The answer is the first line of the listing and every line after it through the one containing "由于X79的内存插槽设置到了", exact, with pictures removed.

-- Opening Marker --

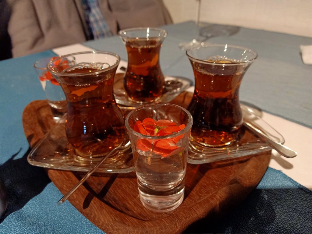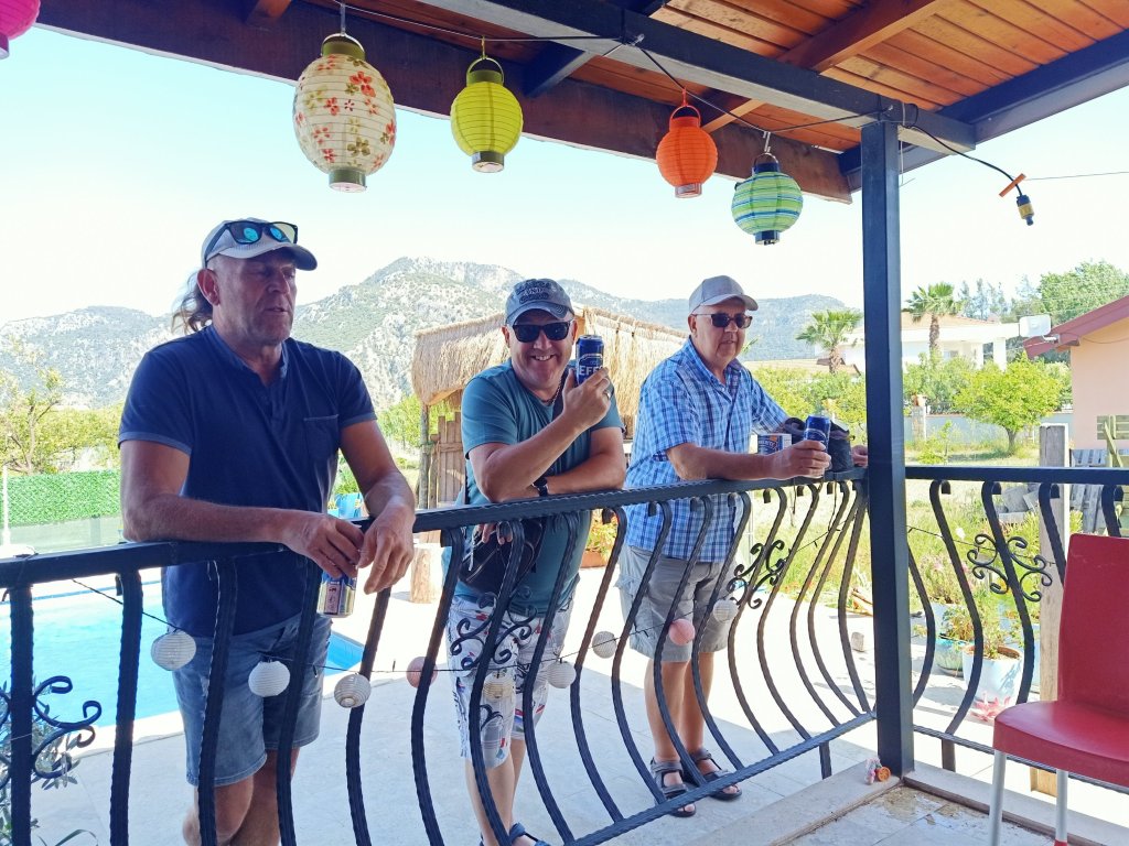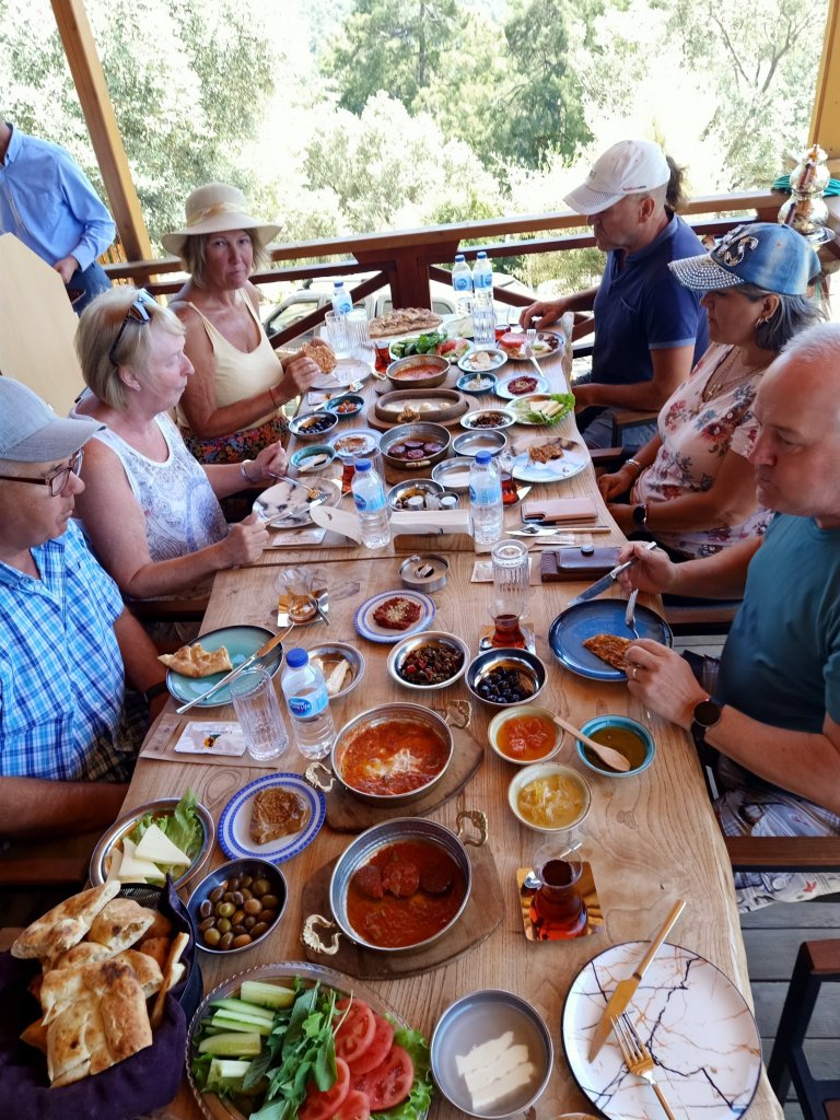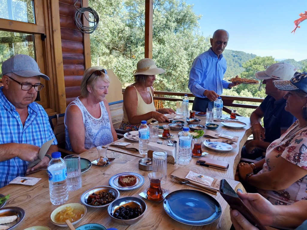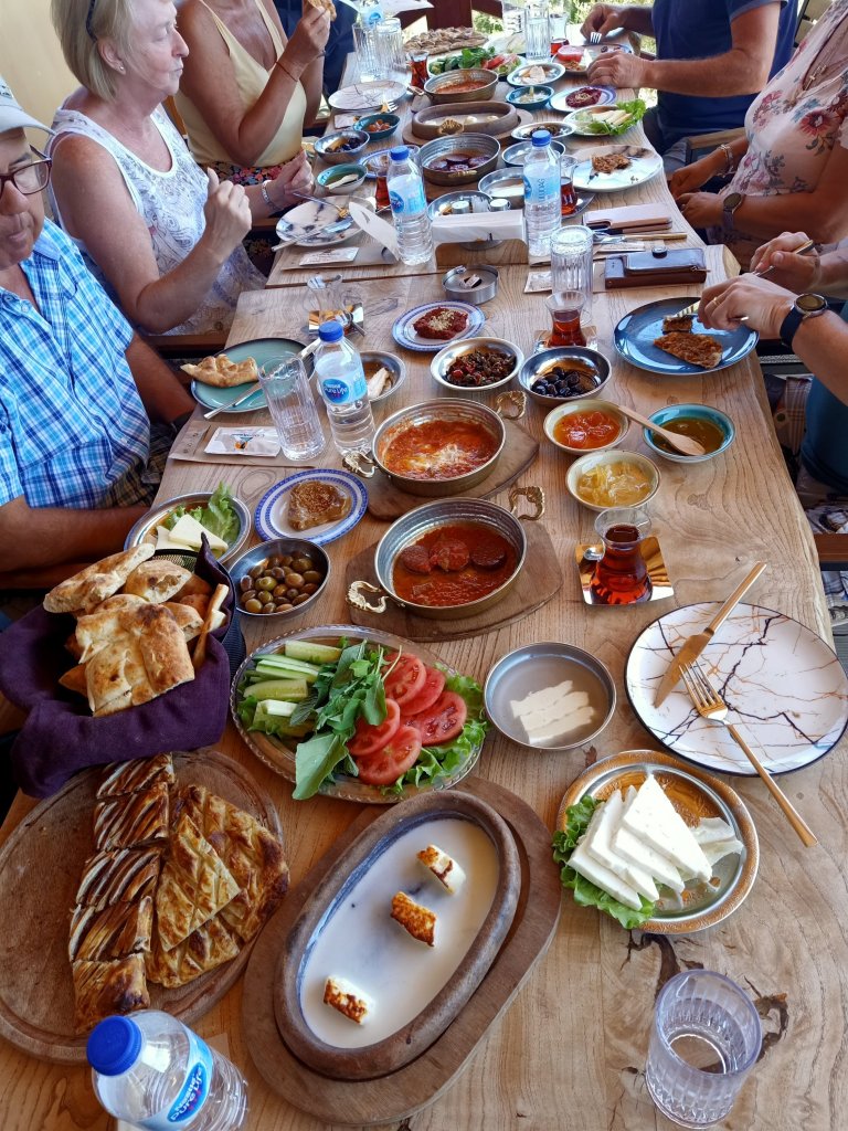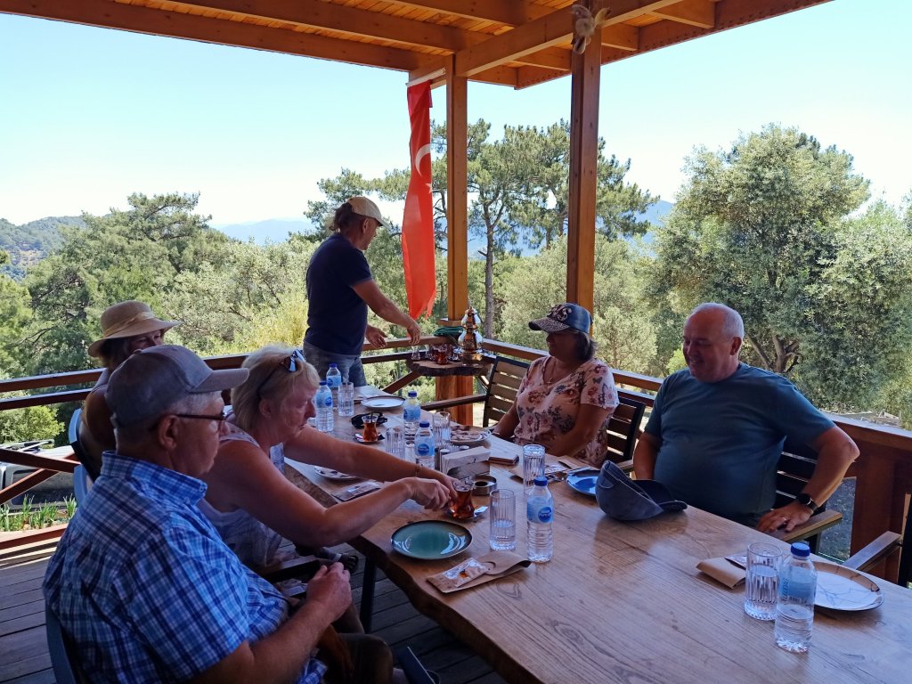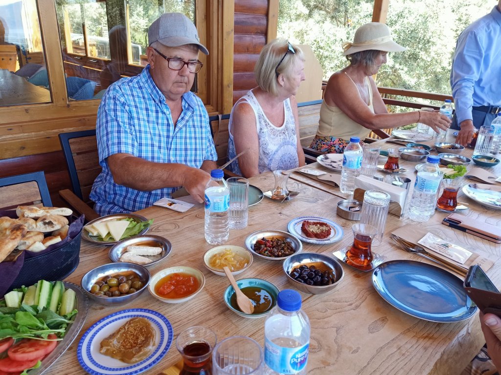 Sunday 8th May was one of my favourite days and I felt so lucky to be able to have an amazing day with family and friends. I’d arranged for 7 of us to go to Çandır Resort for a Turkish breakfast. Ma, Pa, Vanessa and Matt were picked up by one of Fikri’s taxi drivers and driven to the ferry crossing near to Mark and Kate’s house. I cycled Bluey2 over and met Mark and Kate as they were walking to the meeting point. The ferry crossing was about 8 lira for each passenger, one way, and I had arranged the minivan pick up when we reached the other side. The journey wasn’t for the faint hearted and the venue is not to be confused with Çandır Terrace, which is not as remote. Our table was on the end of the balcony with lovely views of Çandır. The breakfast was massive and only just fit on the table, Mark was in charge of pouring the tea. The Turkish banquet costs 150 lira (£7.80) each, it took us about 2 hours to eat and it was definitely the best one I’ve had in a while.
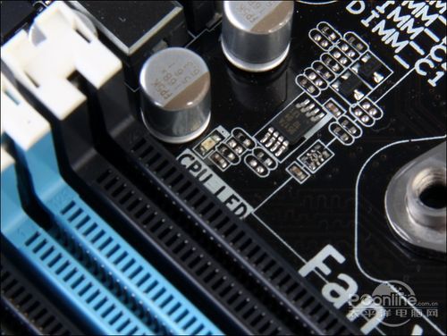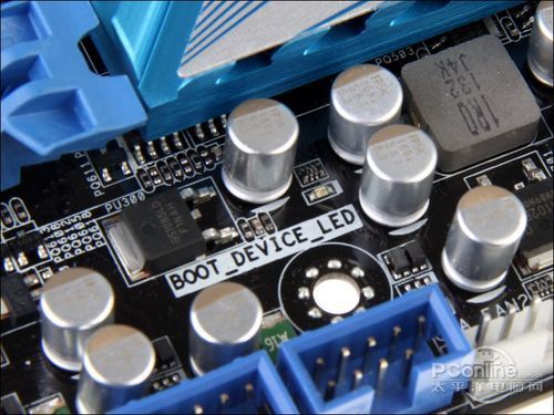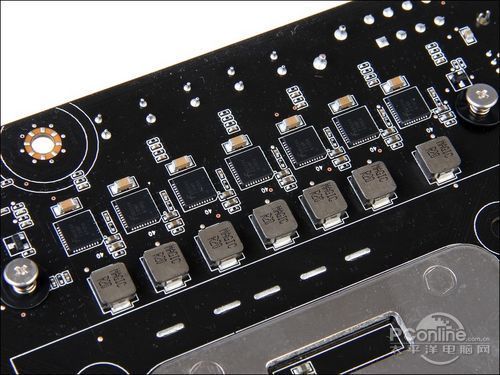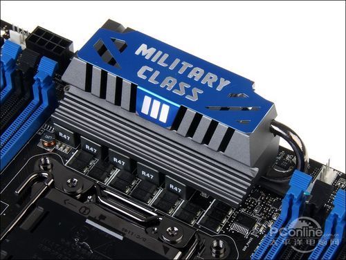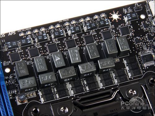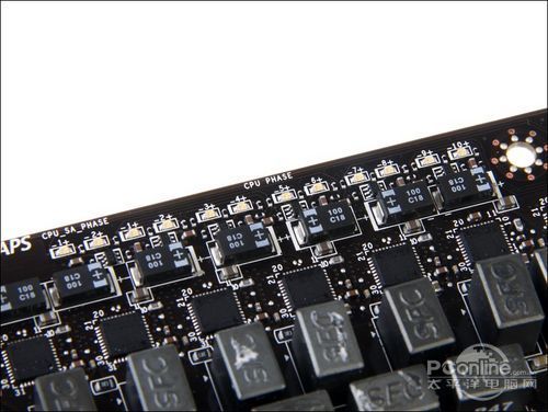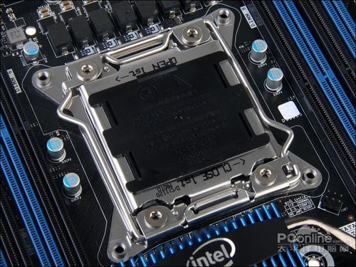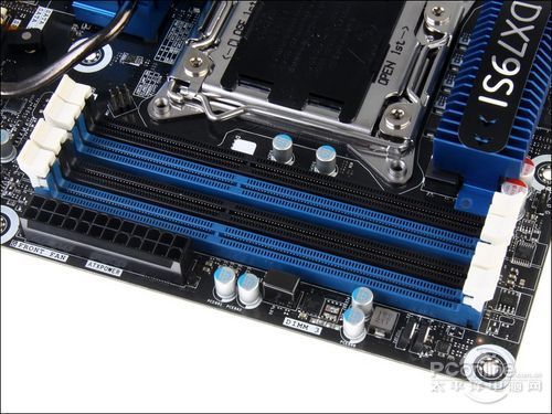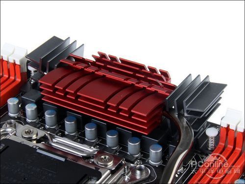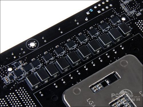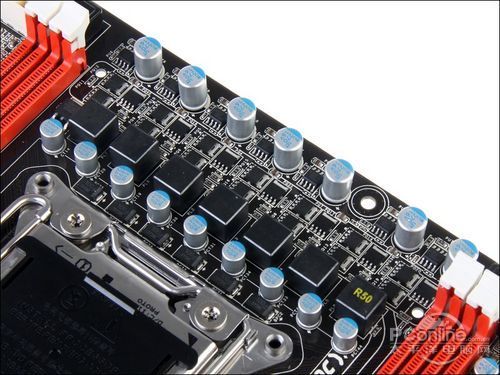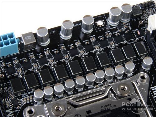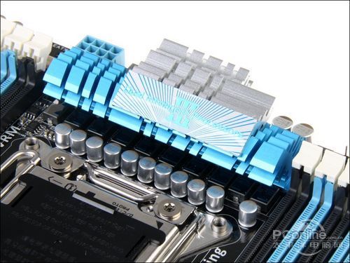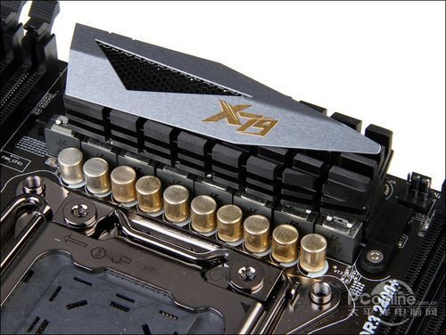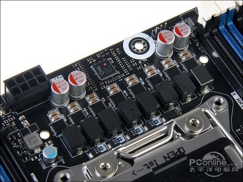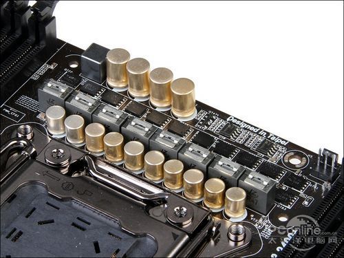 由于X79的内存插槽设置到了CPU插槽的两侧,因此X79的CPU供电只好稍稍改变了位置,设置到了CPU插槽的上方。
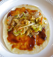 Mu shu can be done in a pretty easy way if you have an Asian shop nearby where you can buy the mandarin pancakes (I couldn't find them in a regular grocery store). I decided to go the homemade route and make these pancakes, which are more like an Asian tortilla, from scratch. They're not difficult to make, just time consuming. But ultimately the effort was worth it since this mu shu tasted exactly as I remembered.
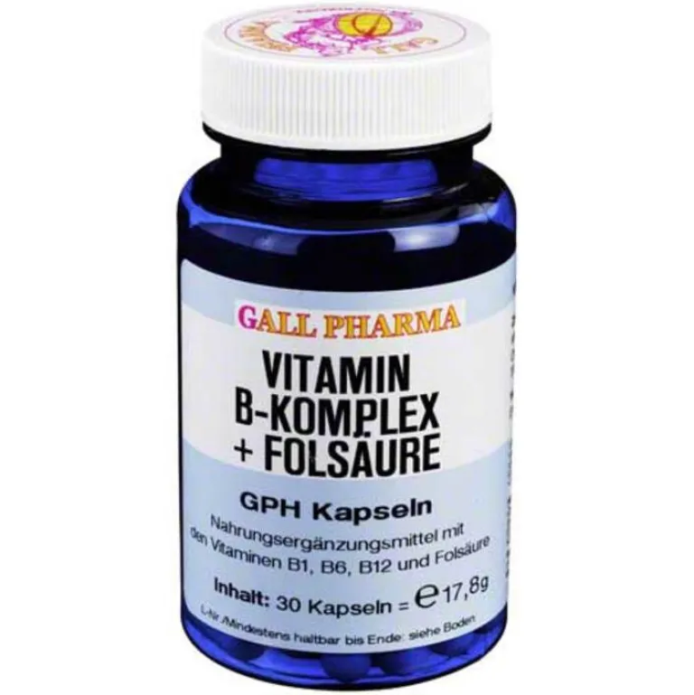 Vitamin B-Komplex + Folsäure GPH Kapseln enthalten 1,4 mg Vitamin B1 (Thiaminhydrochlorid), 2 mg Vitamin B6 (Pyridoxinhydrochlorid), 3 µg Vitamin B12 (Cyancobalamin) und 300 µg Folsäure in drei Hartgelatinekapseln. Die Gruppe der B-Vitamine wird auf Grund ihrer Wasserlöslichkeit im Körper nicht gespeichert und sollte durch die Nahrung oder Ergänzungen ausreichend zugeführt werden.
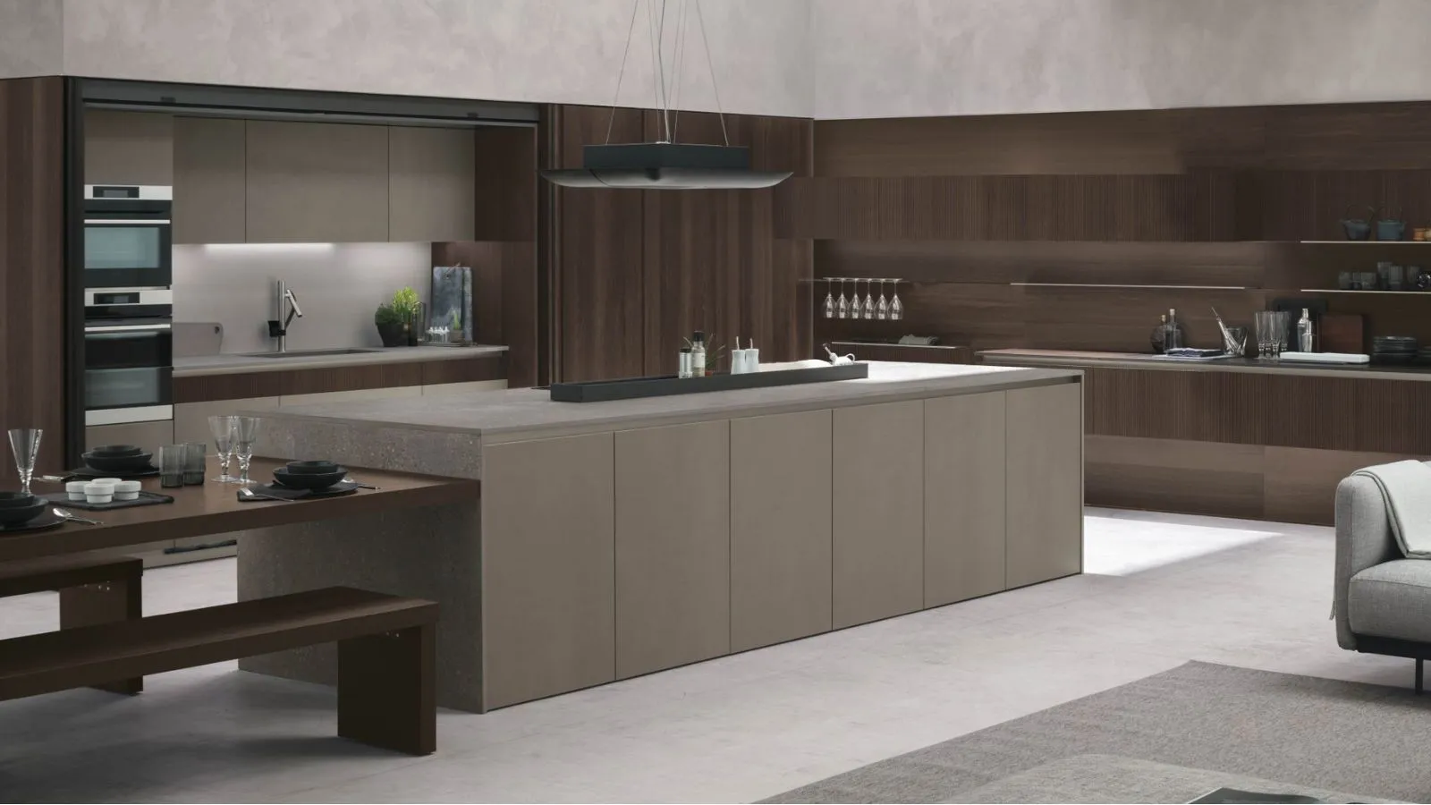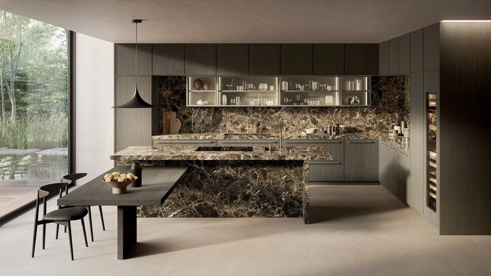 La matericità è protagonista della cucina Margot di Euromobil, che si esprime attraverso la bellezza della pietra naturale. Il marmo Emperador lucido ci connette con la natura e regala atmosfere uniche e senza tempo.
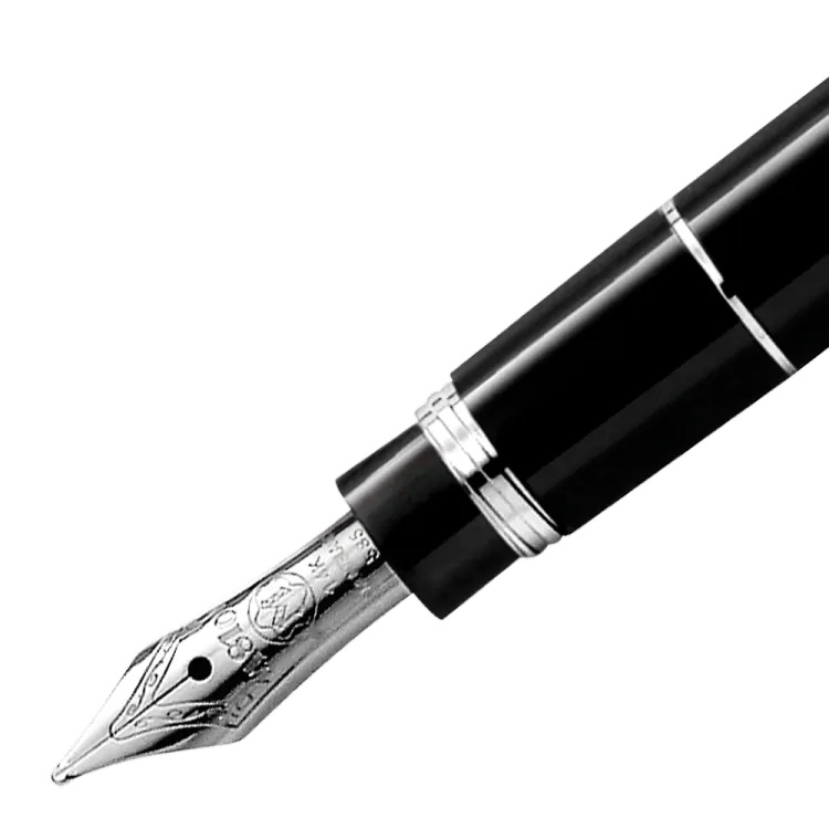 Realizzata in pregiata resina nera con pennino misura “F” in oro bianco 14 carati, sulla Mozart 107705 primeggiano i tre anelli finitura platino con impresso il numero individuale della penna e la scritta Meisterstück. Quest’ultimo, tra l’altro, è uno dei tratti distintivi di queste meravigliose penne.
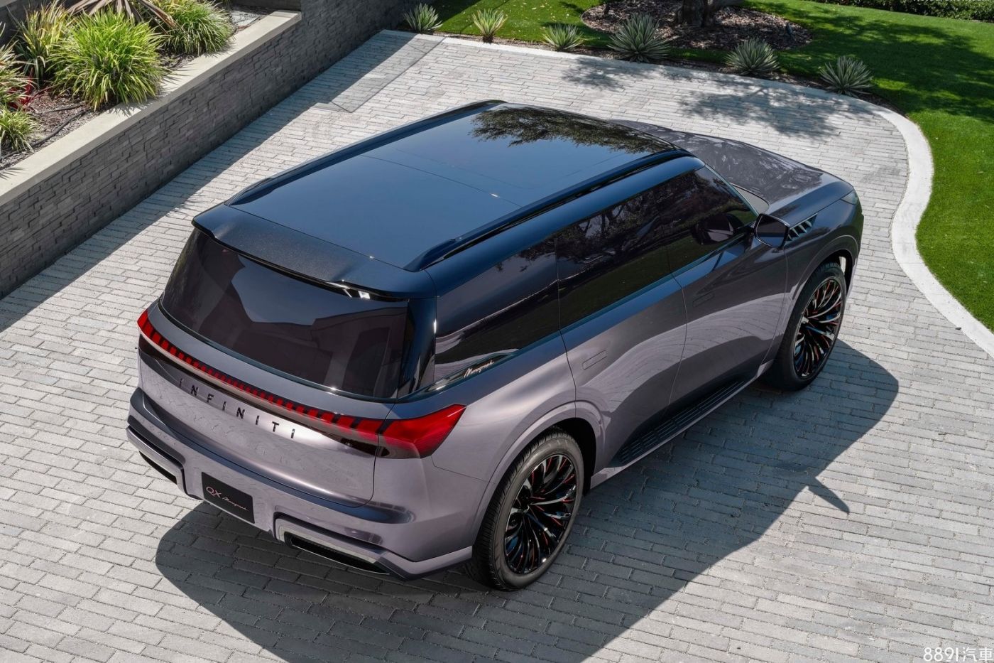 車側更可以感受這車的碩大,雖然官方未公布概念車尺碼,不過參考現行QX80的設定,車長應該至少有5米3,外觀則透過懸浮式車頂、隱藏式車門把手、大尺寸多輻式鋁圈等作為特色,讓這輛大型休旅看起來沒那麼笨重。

-- Closing Marker --

▸ **Your response**:
 Sunday 8th May was one of my favourite days and I felt so lucky to be able to have an amazing day with family and friends. I’d arranged for 7 of us to go to Çandır Resort for a Turkish breakfast. Ma, Pa, Vanessa and Matt were picked up by one of Fikri’s taxi drivers and driven to the ferry crossing near to Mark and Kate’s house. I cycled Bluey2 over and met Mark and Kate as they were walking to the meeting point. The ferry crossing was about 8 lira for each passenger, one way, and I had arranged the minivan pick up when we reached the other side. The journey wasn’t for the faint hearted and the venue is not to be confused with Çandır Terrace, which is not as remote. Our table was on the end of the balcony with lovely views of Çandır. The breakfast was massive and only just fit on the table, Mark was in charge of pouring the tea. The Turkish banquet costs 150 lira (£7.80) each, it took us about 2 hours to eat and it was definitely the best one I’ve had in a while.
 由于X79的内存插槽设置到了CPU插槽的两侧,因此X79的CPU供电只好稍稍改变了位置,设置到了CPU插槽的上方。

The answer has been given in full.